Apply that argument to medicare.... yikes.

 

I think doubling the CPP is a good idea but it still won't provide an adequate retirement income - and this condescending language doesn't make the case very well.

Unionist

DrConway wrote:

Re CPP defined contribution.

I remember hearing back in the 1970s it was strictly a defined benefit.

It's both. Benefits are defined by a formula, and both employee and employer contributions are defined as a percentage of pay, up to the maximum yearly pensionable earnings ($46,300 this year, going up to $47,200 in 2010).

The opposite of "defined benefit" is not really "defined contribution". A better term, which used to be in vogue, is "money purchase" - i.e., no specific guaranteed benefit formula based on years of service and final average earnings (as in DB plan), but rather, whatever your accrued funds will buy (like an RRSP, which is "money purchase").

 

abnormal

DrConway wrote:

Re CPP defined contribution.

I remember hearing back in the 1970s it was strictly a defined benefit.

It is.  The fact that it's now partially prefunded doesn't change it's nature.

On an unrelated topic - I screwed up on the number of retirees per worker and inverted the fraction.  The first set of numbers I came up with are American but I would expect Canadian numbers would be similar.

Quote:
In 1940, there were 42 workers per retiree. In 1950, the ratio was 16-to-1. Today, there are 3.3 workers per retiree, and within 40 years, it's projected that there will be just two workers per retiree.

 

DrConway

Then if it's defined benefit why does the government make all this noise about how many years you've worked and how this affects how much money you get from the CPP?

Or is that just bafflegab that obscures the fact that everybody who's a Canadian citizen over a certain age collects the same base amount from the CPP?

In that case, ok, it's still defined benefit.

As for the pot of money or whatever, if we ignore whatever's in the stock market (and I am surprised that the fund managers seem to actually be exerting some effort... guess they feel guilty enough to do SOMEthing to show for the management expense ratio they clip the feds for) then I see no mystery. Present obligations not met by the pool of funds are met by present revenues going into the fund, essentially operating on the cash basis of accounting.

Therefore doubling payouts does, as a rough rule of thumb, mean doubling payroll taxes.

George Victor

Abnormal: 

[/quote]

"On an unrelated topic - I screwed up on the number of retirees per worker and inverted the fraction.  The first set of numbers I came up with are American but I would expect Canadian numbers would be similar."

Quote:
In 1940, there were 42 workers per retiree. In 1950, the ratio was 16-to-1. Today, there are 3.3 workers per retiree, and within 40 years, it's projected that there will be just two workers per retiree.

 

[/quote]

Whew, Now I can look my daughter in the eye again. 

But I guess all of this talk about "what's in it for the worker drawing CPP" still leaves me wondering about consideration for those unemployed who make it to 65?  Have you seen the levels of income for OAS and GIS lately?

abnormal

DrConway wrote:
Then if it's defined benefit why does the government make all this noise about how many years you've worked and how this affects how much money you get from the CPP?

From Wiki:

Quote:
a defined benefit pension plan is a type of pension plan in which an employer promises a specified monthly benefit on retirement that is predetermined by a formula based on the employee's earnings history, tenure of service and age, rather than depending on investment returns.
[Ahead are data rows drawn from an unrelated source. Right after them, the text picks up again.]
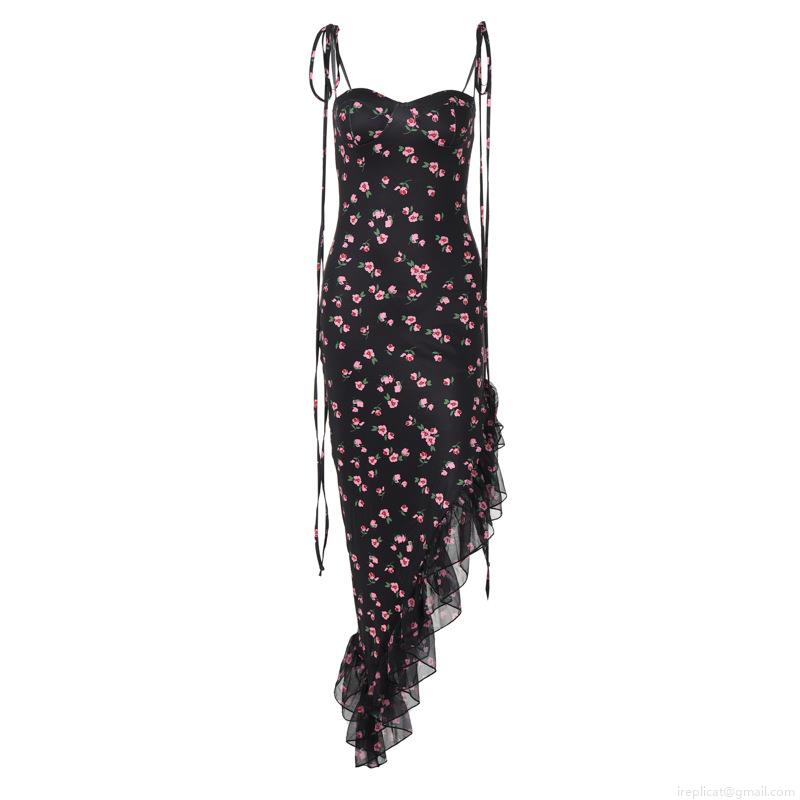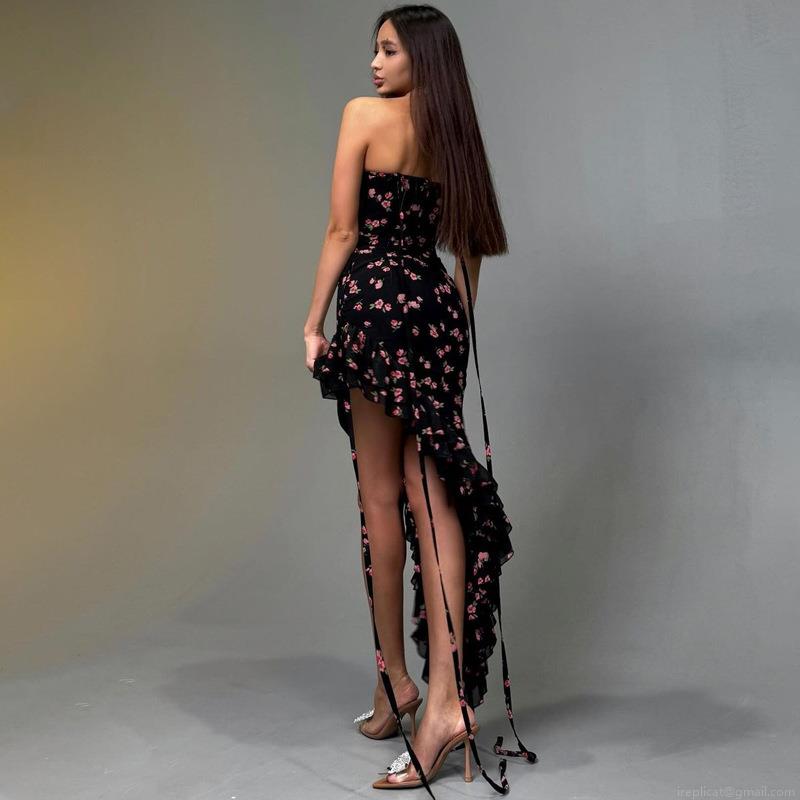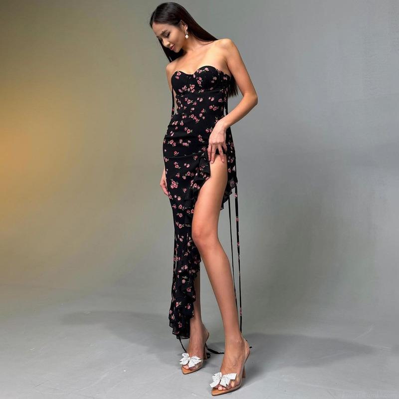 • Women's Elegant Strapless Floral Midi Dress Polyester Spandex Blend Ruffle Hem Asymmetric Lace-up Bodycon Dress For Summer Party Wedding Vacation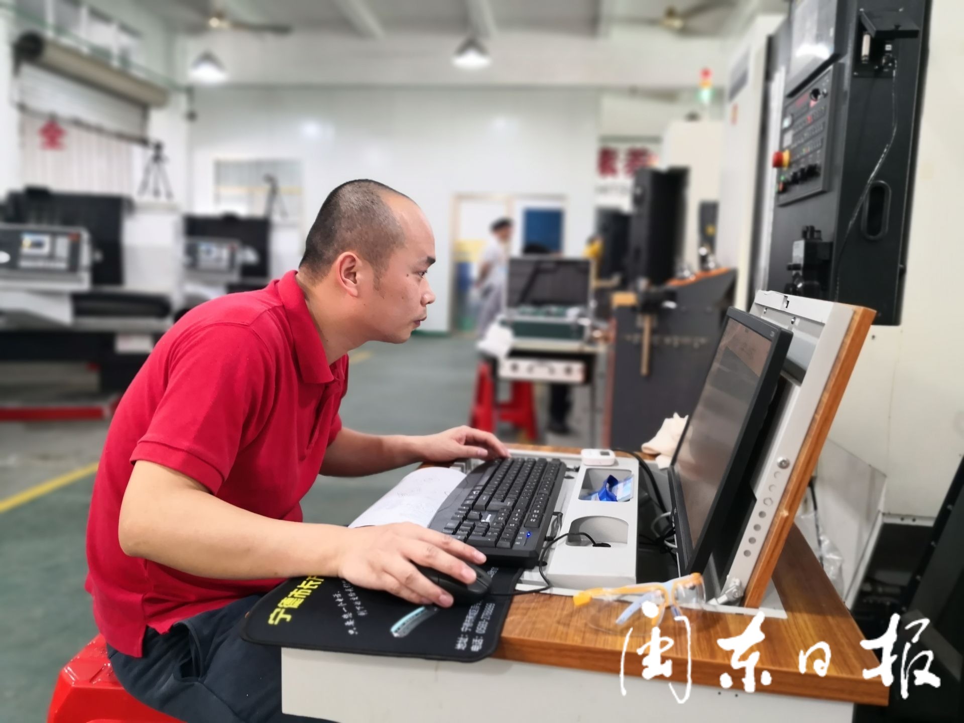 开幕式结束后,马上进入竞赛环节。在竞赛数控铣工赛项现场看到,5名参赛选手沉着冷静,积极应战,在电脑屏幕和数控车床中往来穿梭。
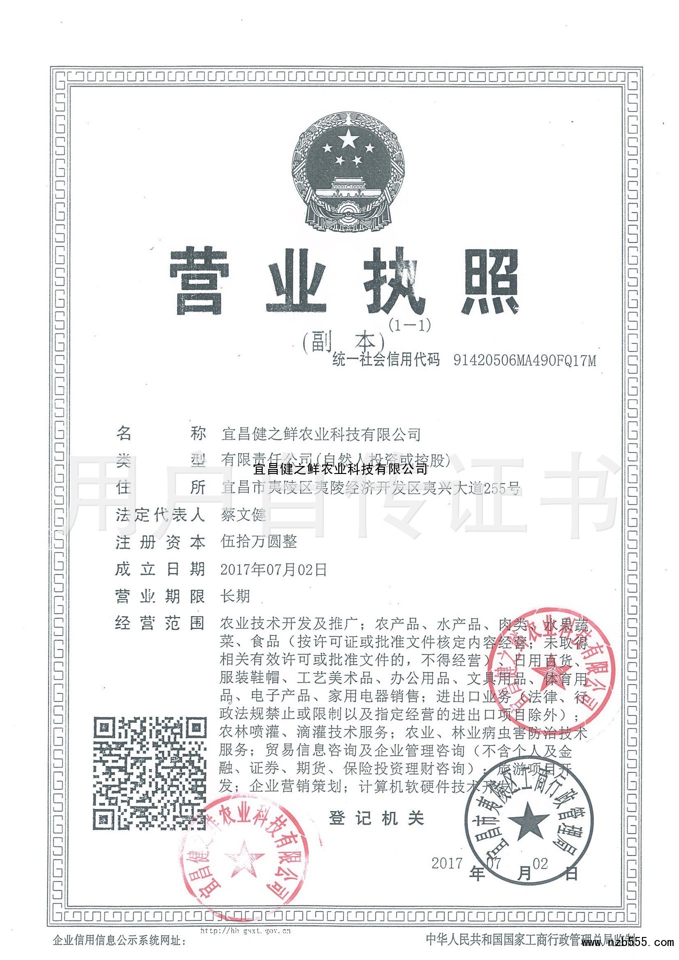 | 發(fā)證機(jī)構(gòu): | 宜昌市夷陵區(qū)工商行政管理局 | 發(fā)證時間 : | 2017-07-02 |

It does not mean that everyone receives the same amount, only that the amount is predetermined based on a formula.  A typical private pension plan would pay a fixed percentage of the employee's final salary (or the average of the last five years of salary or some such).  [FYI, if you're reading articles in the UK press this type of pension is typically called a final salary plan on that side of the pond.]

That differentiates it from a defined contribution plan (which are effectively tax advantaged savings plans some of which revert to an annuity upon retirement and some of which simply provide a lump sum at that point in time). There are other variants (for example cash balance plans fit somewhere in between).

Quote:
Present obligations not met by the pool of funds are met by present revenues going into the fund, essentially operating on the cash basis of accounting. Therefore doubling payouts does, as a rough rule of thumb, mean doubling payroll taxes.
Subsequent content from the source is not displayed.